Among the lines below, the one containing "COKTIK 40 oz" opens the range and the one containing "75 Jaar getrouwd?" closes it. Print that range exactly, without the pictures.

• Material to process:
= = = = = = =

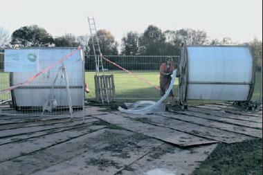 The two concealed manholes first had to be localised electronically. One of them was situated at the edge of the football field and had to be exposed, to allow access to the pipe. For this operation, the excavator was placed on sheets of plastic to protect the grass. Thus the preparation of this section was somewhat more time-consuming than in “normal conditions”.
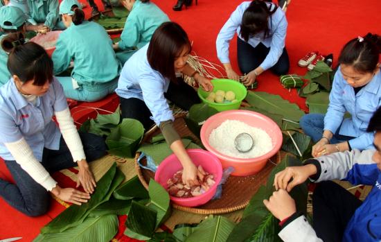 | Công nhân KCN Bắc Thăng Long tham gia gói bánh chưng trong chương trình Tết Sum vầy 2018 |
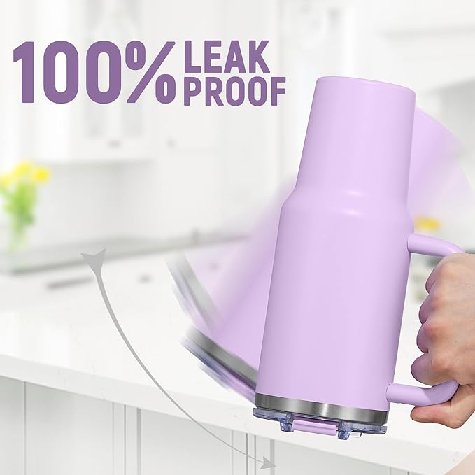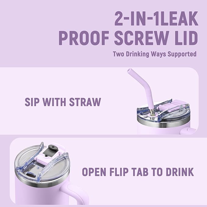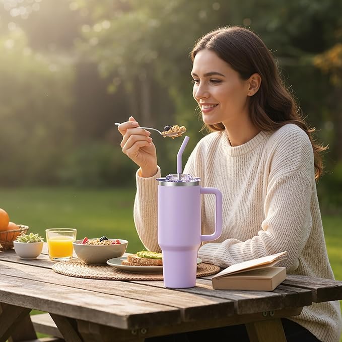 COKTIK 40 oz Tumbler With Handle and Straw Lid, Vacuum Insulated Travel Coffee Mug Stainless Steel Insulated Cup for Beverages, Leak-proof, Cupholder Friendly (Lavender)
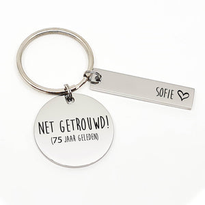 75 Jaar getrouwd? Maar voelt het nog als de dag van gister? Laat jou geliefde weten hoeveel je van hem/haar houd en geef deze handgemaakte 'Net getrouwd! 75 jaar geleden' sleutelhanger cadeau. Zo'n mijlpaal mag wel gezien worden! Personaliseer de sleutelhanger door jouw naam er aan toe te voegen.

= = = = = = =

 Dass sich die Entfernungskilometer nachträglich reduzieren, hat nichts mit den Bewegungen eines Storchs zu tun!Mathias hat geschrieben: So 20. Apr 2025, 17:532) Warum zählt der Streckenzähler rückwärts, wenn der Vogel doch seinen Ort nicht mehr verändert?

= = = = = = =

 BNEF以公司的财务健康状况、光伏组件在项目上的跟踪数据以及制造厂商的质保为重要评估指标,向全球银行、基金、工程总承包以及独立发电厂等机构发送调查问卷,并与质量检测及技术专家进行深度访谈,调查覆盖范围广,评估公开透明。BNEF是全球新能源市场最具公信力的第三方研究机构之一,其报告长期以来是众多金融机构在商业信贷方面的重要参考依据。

= = = = = = =

• Written response:
 COKTIK 40 oz Tumbler With Handle and Straw Lid, Vacuum Insulated Travel Coffee Mug Stainless Steel Insulated Cup for Beverages, Leak-proof, Cupholder Friendly (Lavender)
 75 Jaar getrouwd? Maar voelt het nog als de dag van gister? Laat jou geliefde weten hoeveel je van hem/haar houd en geef deze handgemaakte 'Net getrouwd! 75 jaar geleden' sleutelhanger cadeau. Zo'n mijlpaal mag wel gezien worden! Personaliseer de sleutelhanger door jouw naam er aan toe te voegen.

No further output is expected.